My research aims to build AI systems that are not only capable and intelligent, but also safe, cooperative, and aligned with human values. I am currently a Cooperative AI PhD Fellow. I am thankful to be supported by Open AI Research, the Quad Fellowship, and the UC Berkeley AI Policy Hub. Specifically, I am interested in:

AI Safety & Ethics: Designing algorithms to evaluate and mitigate deceptive behavior and align AI behavior with human values.
Reinforcement Learning (RL): Developing multi-turn RL methods for dialogue, specifically focusing on negotiation and cooperative settings.
Language Models & Interaction: Investigating how LLMs can better model humans to build better simulators for reinforecment learning algorithms and social science studies.

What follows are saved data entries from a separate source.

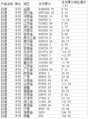 2015年1-9月生產白酒9386656.78 千升,同比增長5.53 %。
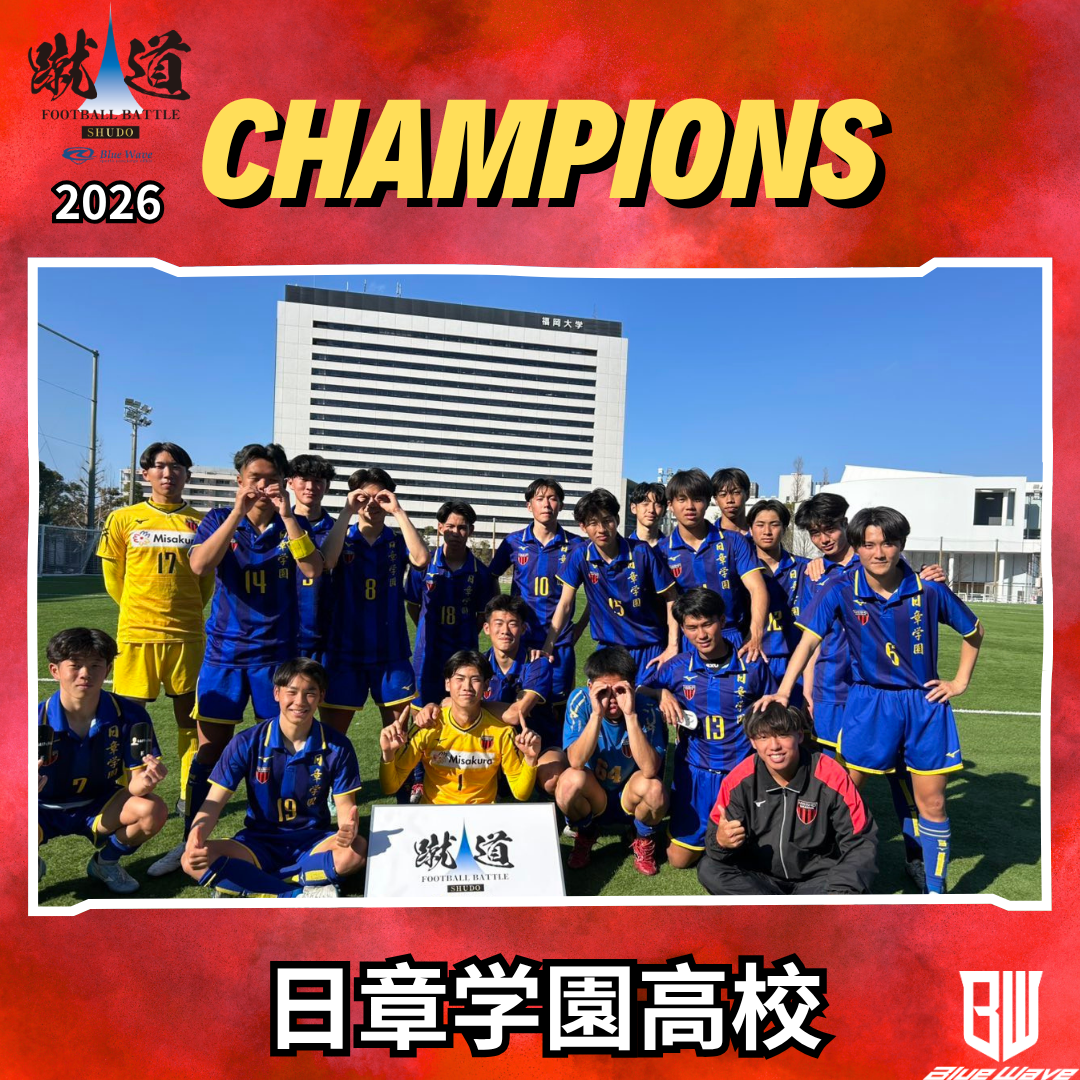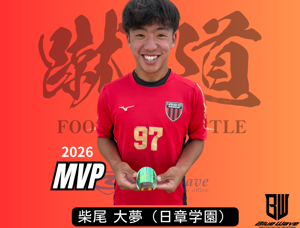 【写真掲載】蹴道blue 優勝は日章学園高校!MVPは柴尾選手(日章学園) 2026年度の蹴道blue 優勝は日章学園高校に決定しました。MVPは柴尾大夢選手(日章学園)です。▼優勝 日章学園高校▼MVP 柴尾大夢選手 お知らせ一覧へ戻る
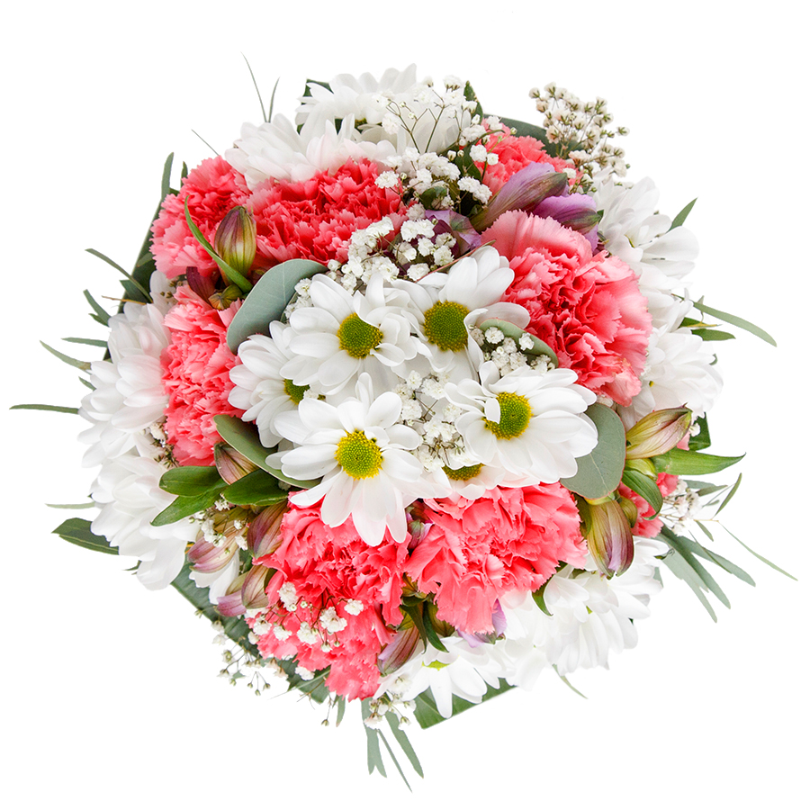 Send a touch of elegance with this gorgeous bouquet composed of crisp white chrysanthemums, delicate gypsophila, enchanting light pink carnations, and rich aspidistra leaves. Each flower is carefully hand-selected to ensure peak freshness and stunning appearance.
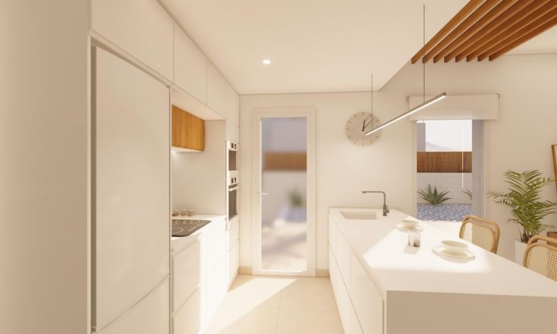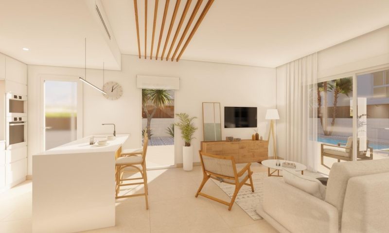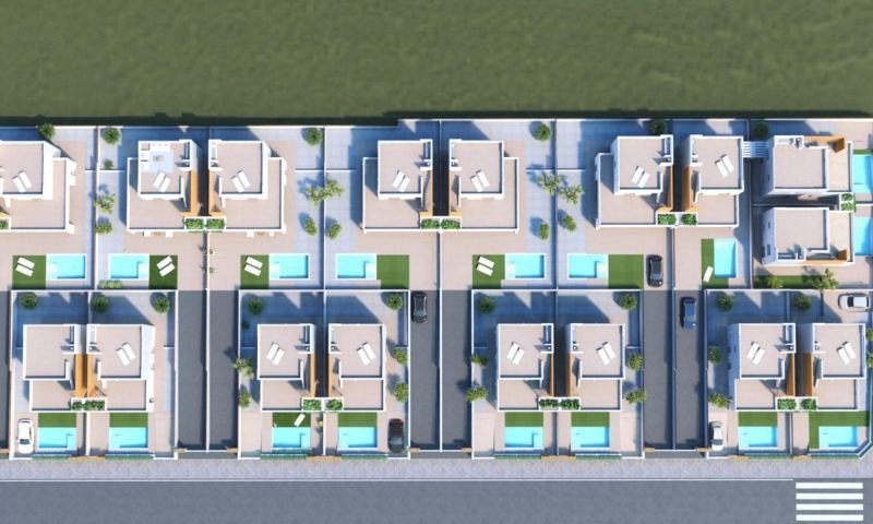 NEW BUILD VILLAS IN PILAR DE LA HORADADA New Build villas in Pilar de la Horadada. The interior of the villas consist of 3 bedrooms, 3 bathrooms en suite, large open plan living room with kitchen all located on two floors. The exteriors have a large landscaped garden with private swimming pool and parking space. New Build Villas where you will find the best Mediterranean style adapted to modern design. Residential consists of 17 villas located in Pilar de la Horadada, surrounded by all the services you need and just a few minutes from the beach. Pilar de la Horadada is a typical Spanish village in the most southern part of the Costa Blanca. The large main street has supermarkets, lots of shops, restaurants and bars and some lovely squares. The beautiful beaches of Torre de la Horadada and Mil Palmeras with fine sand promenade is just 5 minutes away. In Pilar de la Horadada there is also a well-developed cycling and walking path network, and there is also a large offer of various sports activities. Lo Romero 18 hole golf course is just a short drive from town. The airports of Corvera (Murcia) and Alicante are respectively 40 and 55 minutes away.
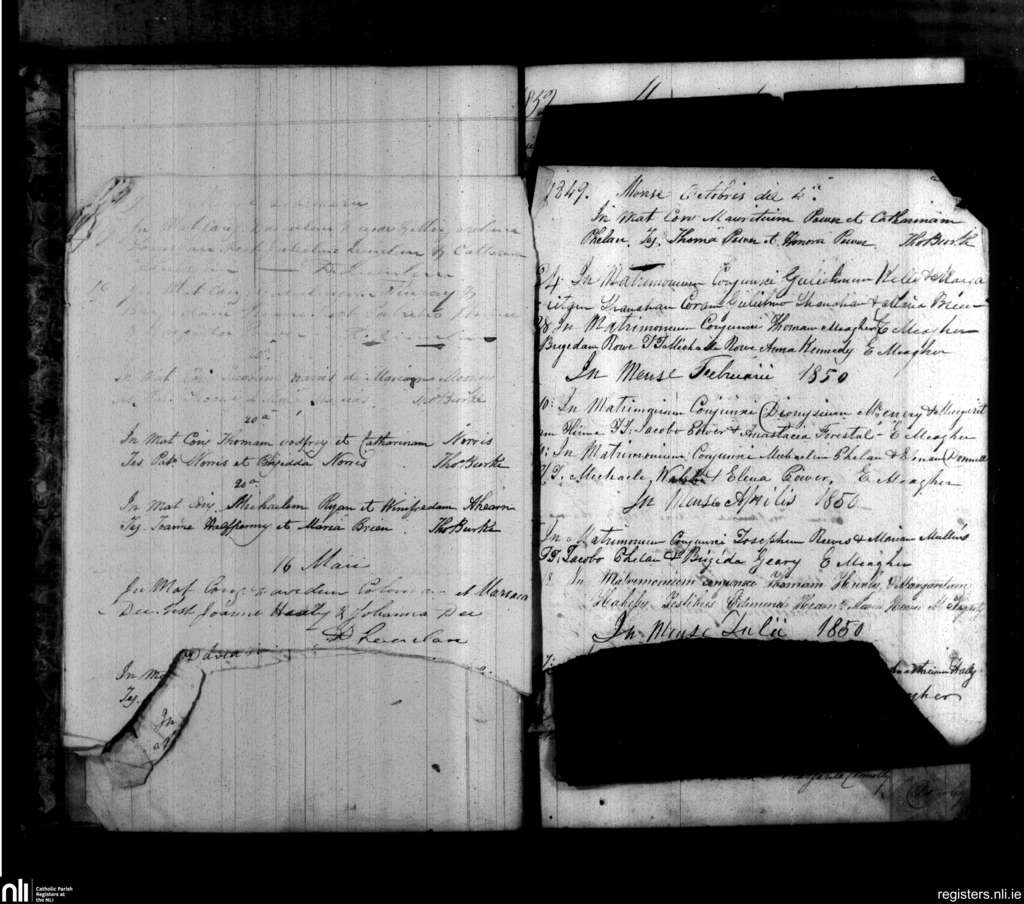 Mothel and Rathgormack; County of Waterford; Diocese of Waterford and Lismore. Marriages, Feb. 1849 to July 1850

Email / Github / Twitter / LinkedIn

Preprints

Consistently Simulating Human Personas with Multi-Turn Reinforcement Learning.
Marwa Abdulhai, Ryan Cheng, Donovan Clay, Tim Althoff, Sergey Levine, Natasha Jaques.
NeurIPS 2025
Paper / Code / Website

Large Language Models (LLMs) are increasingly used to simulate human users in interactive settings such as therapy, education, and social role-play. While these simulations enable scalable training and evaluation of AI agents, off-the-shelf LLMs often drift from their assigned personas, contradict earlier statements, or abandon role-appropriate behavior. We introduce a unified framework for evaluating and improving consistency in LLM-generated dialogue, reducing inconsistency by over 55\%, resulting in more coherent, faithful, and trustworthy simulated users.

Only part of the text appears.